Генрих сейчас хорошо помнит и то горячее чувство, которым он тогда проникся к маме. Он хотел сесть с ней рядом, хотел прижаться к маме. Ему хотелось быть очень ласковым и добрым, говорить что-то очень хорошее. Но кругом были солдаты, и он не смел.

Уже вечерело, когда они слезли с грузовика. Мама тяжело опиралась на Генриха. Быстро стемнело, и они вдруг обнаружили, что у них украли бельевую корзину.
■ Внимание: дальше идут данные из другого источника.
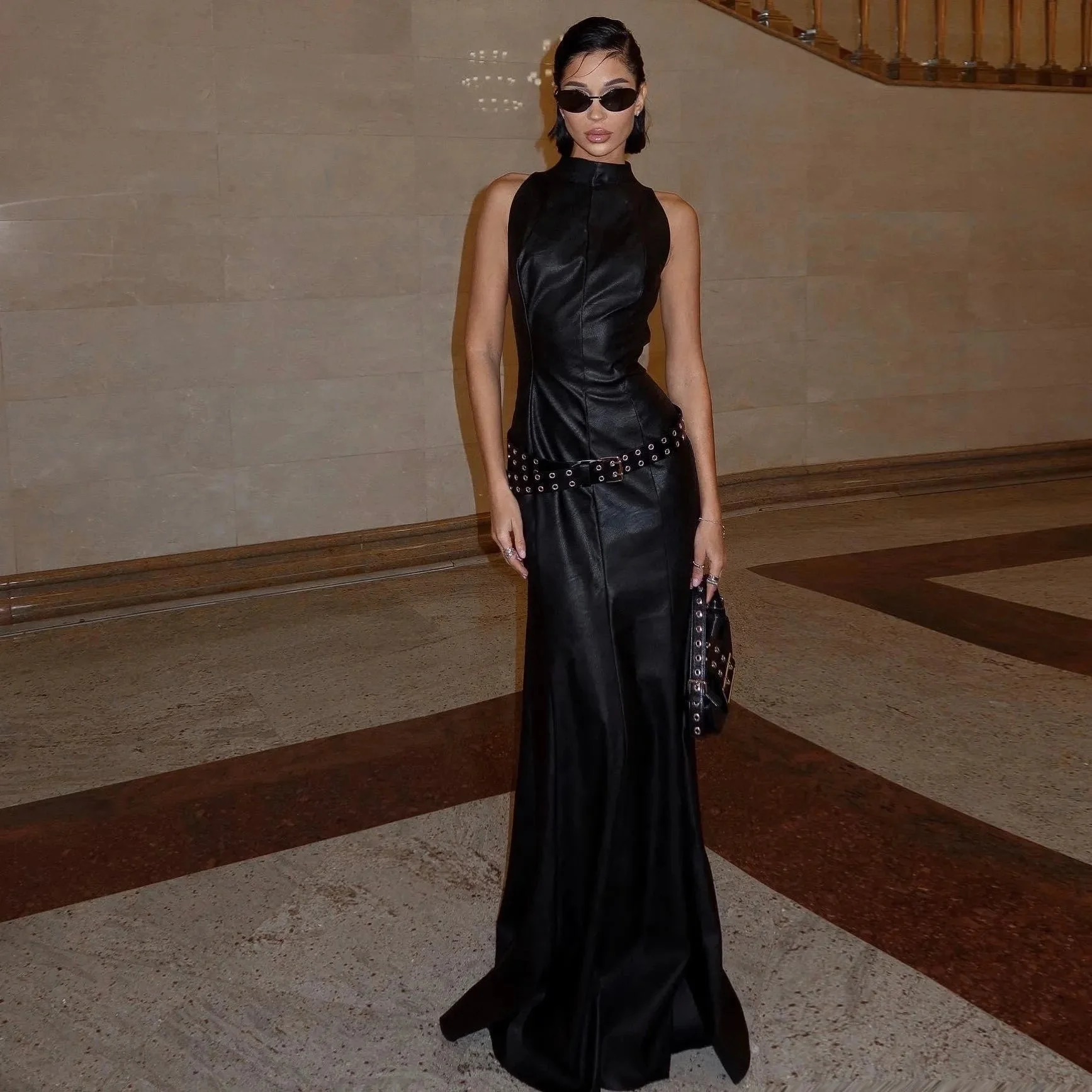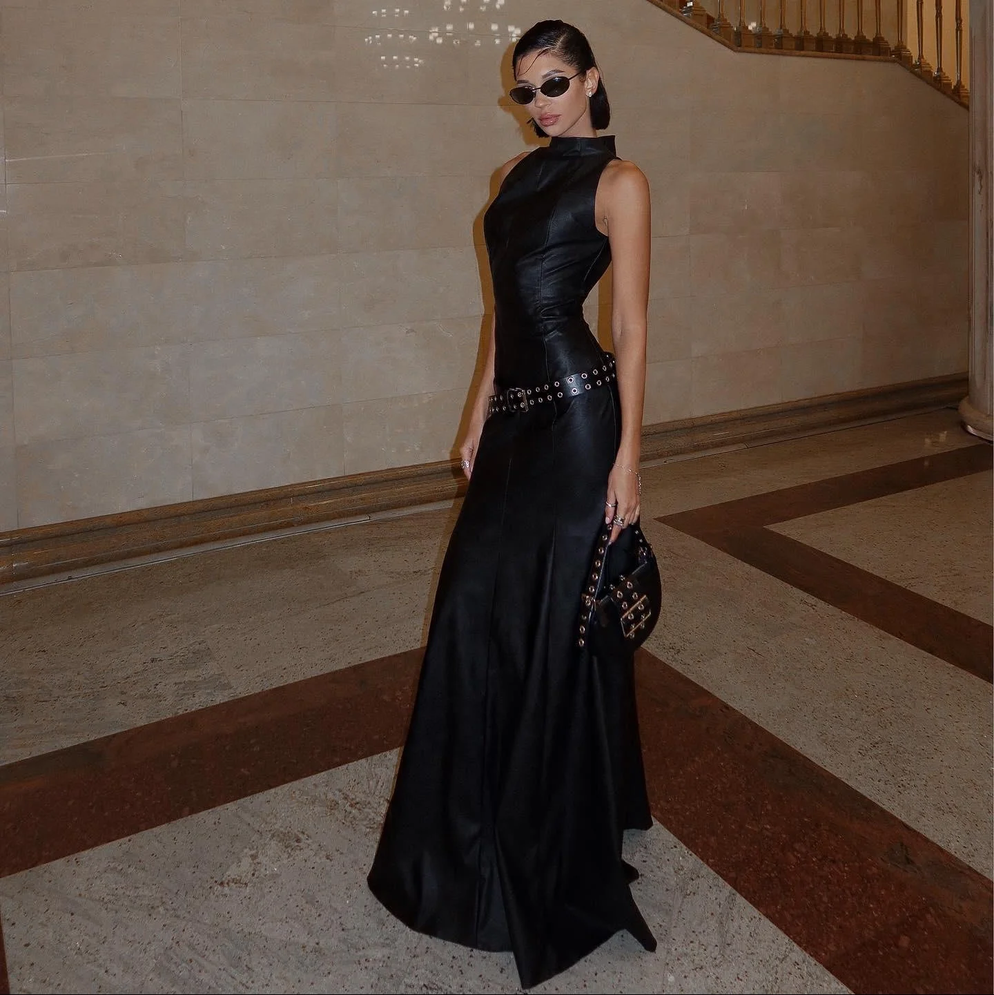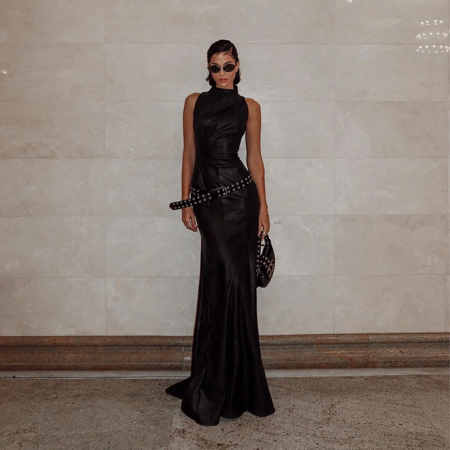 Elevate your style with our sleek Black Faux Leather Maxi Dress. Designed to command attention, the structured silhouette contours your figure, while the high neckline exudes elegance. Perfect for upscale events or fashion-forward parties, pair it with pointed heels for a memorable evening look. Explore unique styling tips on our Instagram @mermaid_way. If the fit isnt perfect, enjoy a complimentary size exchange.
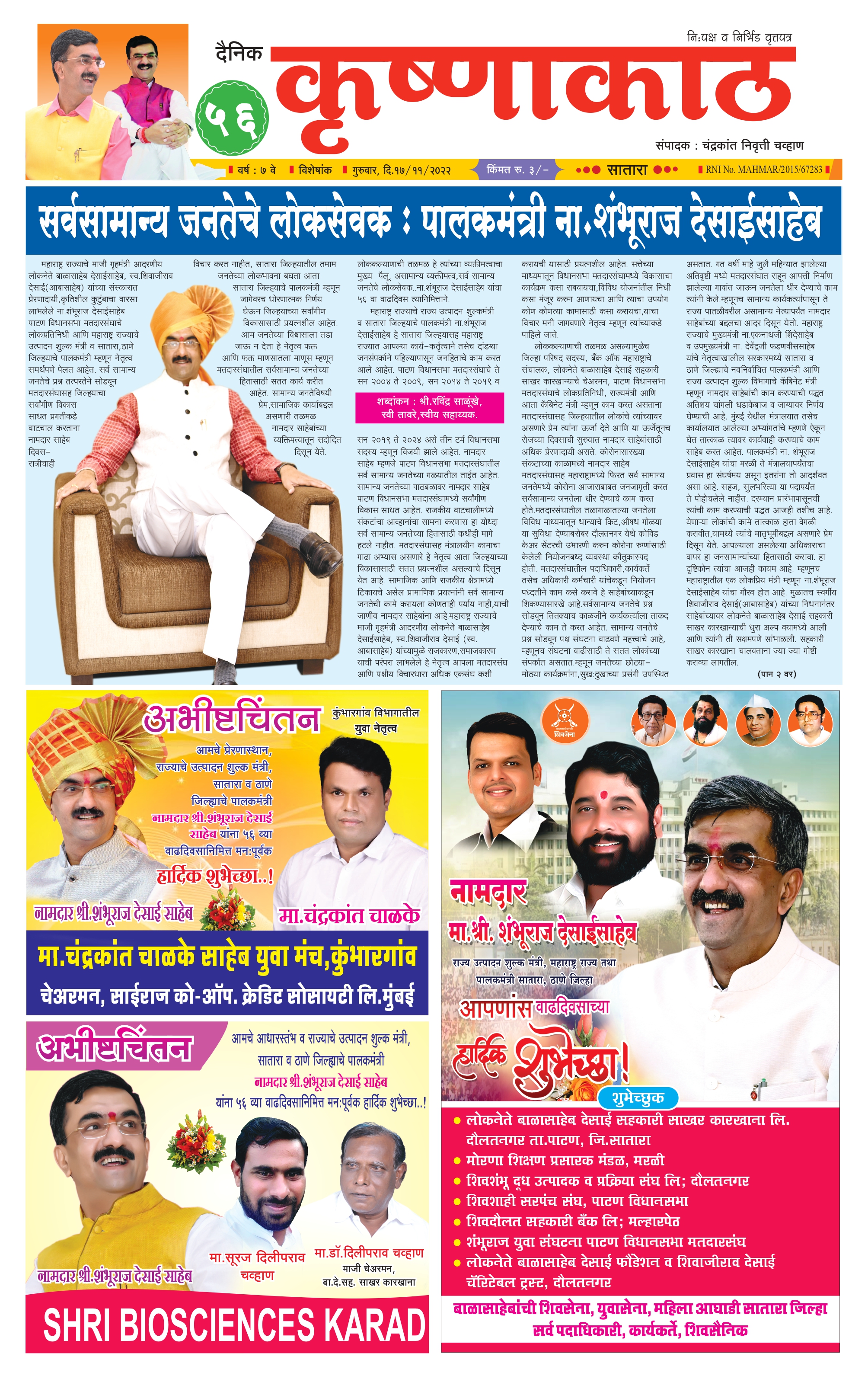 विधानसभेतील मुलुखमैदान तोफ, पाटण तालुक्याचा बुलंद आवाज, विकासाचा महामेरू, विकासाचे वादळ अशी अनेक बिरुदे असलेले पाटणचे लोकप्रिय आमदार राज्याचे उत्पादन शुल्क मंत्री व राज्यातील महत्त्वपूर्ण अशा सातारा व ठाणे जिल्ह्याचे पालकमंत्री अशी राजकारणात व समाजकारणात यशाची शिखरे पादाक्रांत करणारे संसदपटू नामदार शंभूराज देसाई यांचा 17 नोव्हेंबर हा जन्मदिन आज त्यांचा 56 वा वाढदिवस या जन्मदिनाचे औचित्य साधून दैनिक कृष्णाकाठ ने त्यांच्या कार्याचा घेतलेला हा आढावा.
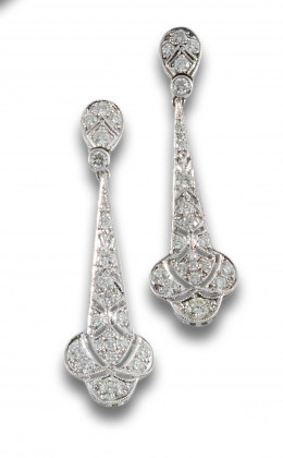 PENDIENTES LARGOS, ESTILO ART DECÓ, DE DIAMANTES Y PLATINO
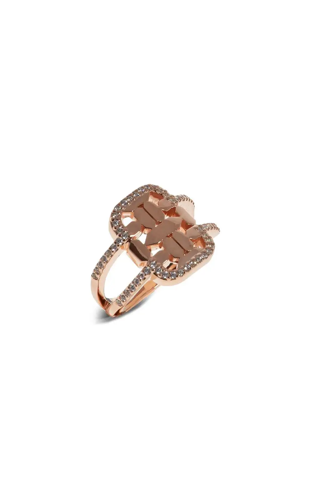 This geometric design blends contemporary style with a sparkling elegance. Inspired by Babette's travels to Turkey, this ring is set with a contour of micro pave Cubic Zirconias. Made from Sterling silver and plated with 18 carat rose gold.
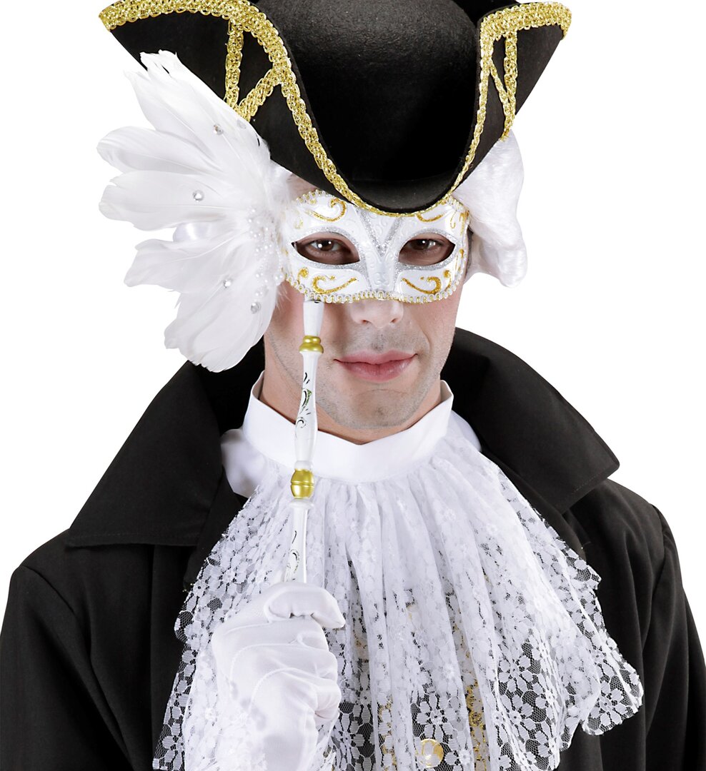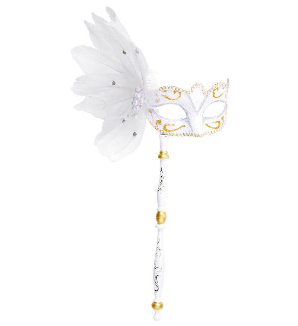 Biela škrabka na paličke s pierkami a striebornými a zlatými detailmi Biela škrabka na paličke s pierkami a striebornými a zlatými detailmi
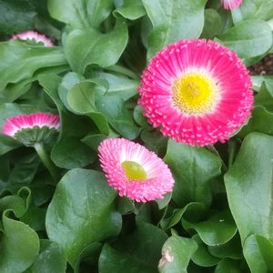 今日のお花 「デージー」 1月にお迎えした、デージー (チロリアンデージー)沢山咲いて来ました。💞 嬉しいです。🎵😍🎵 ピンク色と赤をプリムラマラコイデスの白と一緒に植えて見ました。 買った時は、1輪ずつしか咲いていませんでしたが、こんなに沢山咲いて来ました。💞 プリムラマラコイデスも、満開に成りました。 綺麗です。🤍🌿 東側玄関前に置いています。 夜は、玄関内に入れています。 玄関前は、朝30分~1時間位しか日当たり有りません。 今、ビオラなど、5鉢置いています。 みんな、頑張って咲いてくれています。🌸🌼🤍💗❤️ ありがとう、お花達🎀💝 ガンバレ・ガンバレ🚩😃🚩
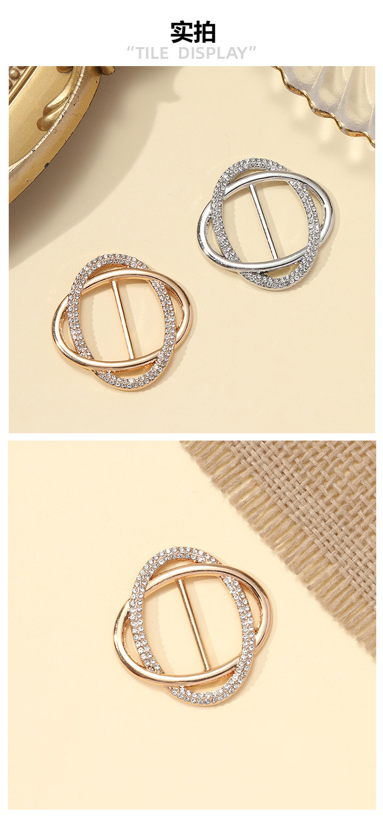 double ring diamond japanese buckle gold
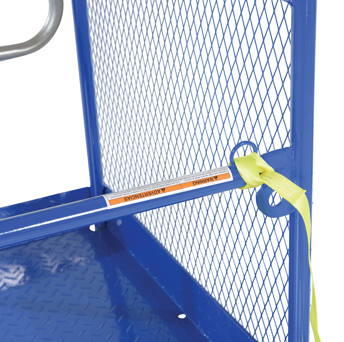 This convenient fork truck work platform quickly and safely raises maintenance personnel where they are needed. Attaches to fork truck by inserting forks into fork pockets and securing platform to fork truck. Fork locks secure platform to forks. Dual handrails on three (3) sides with expanded metal backing on the fourth side. Includes checker floor plate platform and long strap with hook to attach platform to fork truck. A maximum of two (2) people can be in the work platform at one time.
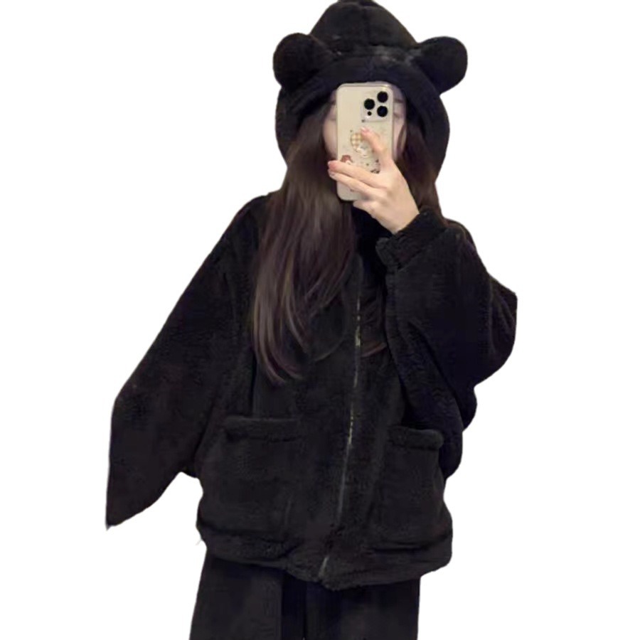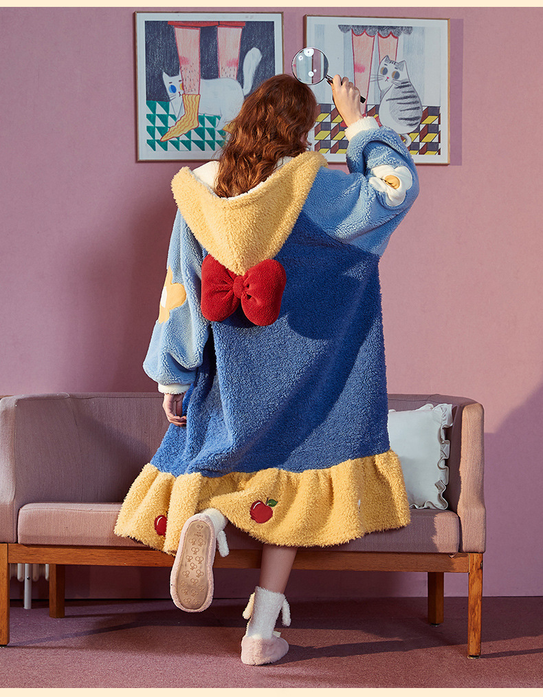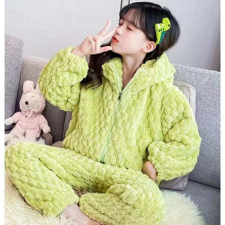 잠옷 여자의 겨울 산호 양털 인터넷 인기 기모 두꺼운 세트 귀여운 복숭아 플란넬 가정 옷 가을과 겨울
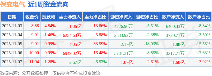 资金流向数据方面,本周保变电气主力资金合计净流入3.76亿元,游资资金合计净流出2.15亿元,散户资金合计净流出1.6亿元。本周资金流向一览见下表:
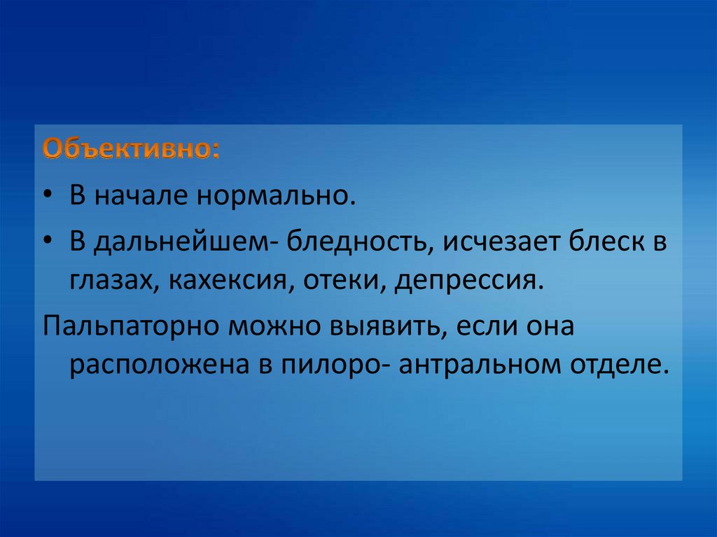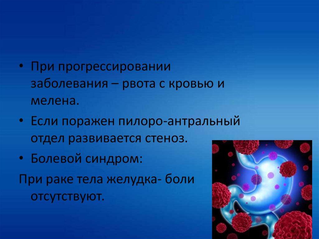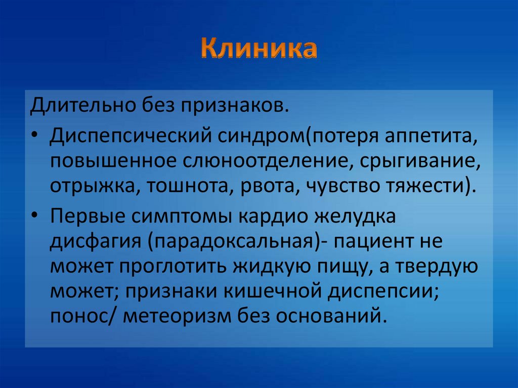 Длительно без признаков.• Диспепсический синдром(потеря аппетита,
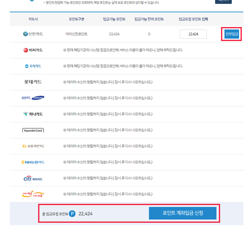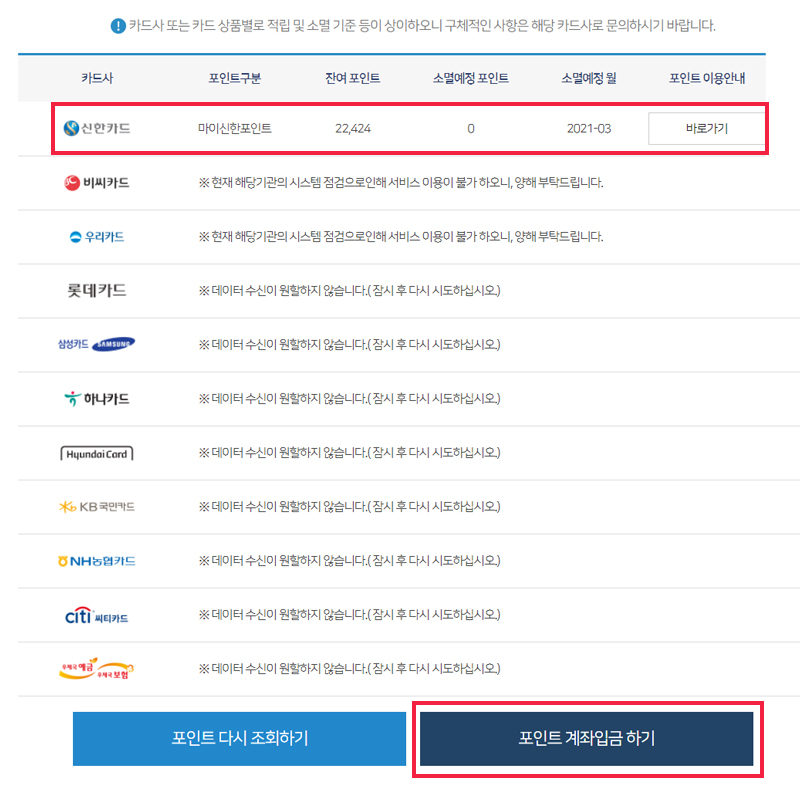 카드 포인트 통합조회 이용 시간 및 계좌입금 시간
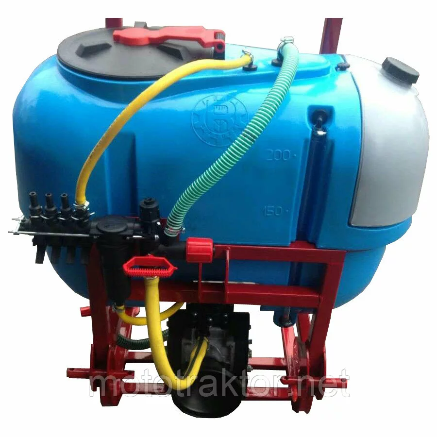 Резервуар для раствора, установленный в закрытую раму с раскидными штангами, удерживающие армированные шланги, с подсоединенными форсунками, идущие от распределителя с высокоточным глицериновым манометром. Подача жидкостей происходит за счет насоса, приводящегося в работу от вала отбора мощности. Имеет четырехступенчатую систему фильтрации. Агрегатируются с тракторами от 15 до 50 л.с., в зависимости от объема бака.
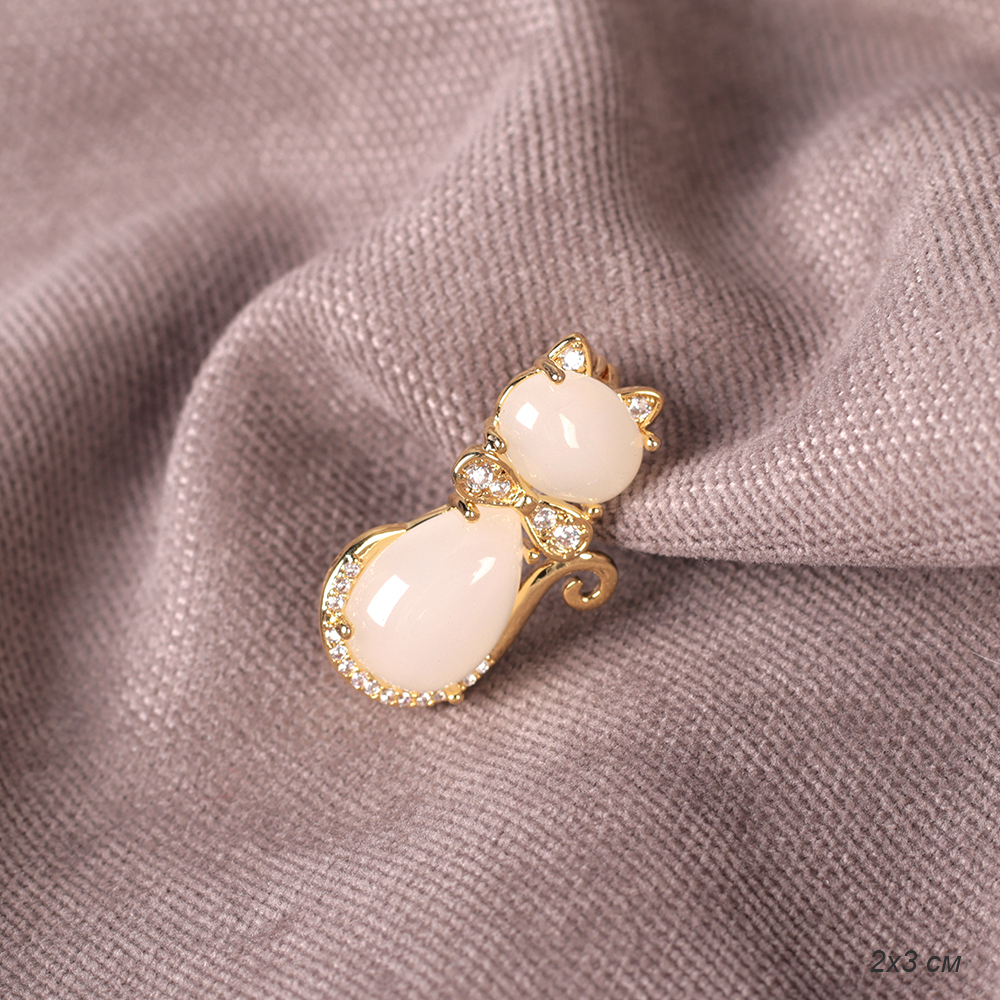 Брошь Кошка 3 см / GM295 /уп 12/ с перламутровыми камнями

«Не беда, Генрих. Нам бы ее все равно не донести. — У мамы были тогда очень горячие руки. — Ничего, я ничего, — говорила она. — Устала, должно быть». И сразу опустилась на чемодан.

13

А они все идут и идут.

Генрих слышит позади себя, как костыли равномерно поскрипывают, втыкаясь в песок. «Всю жизнь, — думает он, — этот парень будет теперь ходить на одной ноге». Генрих замедляет шаг и идет теперь рядом с Рыжим.

— А у нас была мандолина. Итальянская. В Данциге ее украли. Вместе с бельевой корзиной и украли.

— Мандолина, говоришь?

— Итальянская. Настоящая.

— А ты играть-то на ней умеешь?

— Три песни уже играл. «Елочку», «Хорст-Весселя»..

А он, Рыжий, оказывается, умеет играть на губной гармонике. Какую хочешь песню может сыграть.

— Какую хочу?

— Ну да, — отвечает Рыжий.

— А у тебя она с собой?

— Гармоника?

— Ну да.

— Нет, дома оставил.

Немного помолчали. Потом Генрих спросил:

— Здоровый, должно быть, был снаряд?

— Какой еще снаряд?

— Ну, снаряд, которым вам ногу оторвало.

— Да, это был снаряд!

— А как, осколком или целым снарядом?

— Осколком, — ответил Рыжий. — А еще какую песню ты умеешь играть?

— «Пылай, огонь», — ответил Генрих. — А много этих снарядов было?

— Да, — только и сказал Рыжий.

«Не любит он, когда о его геройстве говорят, — думал Генрих. — Надо ж было, чтобы ему как раз ногу оторвало. Беда какая! А сбоку похоже, что у него под пальто вроде бы сумка». Сначала он, Генрих, думал, что это кобура от пистолета топырит пальто. Но теперь он точно знал: у рыжего инвалида оружия с собой не было.

Вечером Генрих впервые услышал пеночку-теньковку. Сначала будто робко и нерешительно, будто заикаясь, а потом такое знакомое — то вверх, то вниз! В живой изгороди она, должно быть, тенькала.

Генрих растрогался: оказывается, и здесь она поет свою песенку.

Иногда Генрих возьмет да пройдется мимо фрау Кирш. А она то напевает что-нибудь, то просто сидит в сумерках и отдыхает. Он тут как тут, без всякой причины прохаживается. Только когда он проходит особенно близко, фрау Кирш успевает погладить его по голове да еще обязательно скажет: «Радость ты моя!» Генрих покраснеет до ушей. Рядом с фрау Кирш он испытывал что-то такое, чего он совсем не знал. Чем-то это напоминало чувство, какое у него было к маме, но все же это было другое.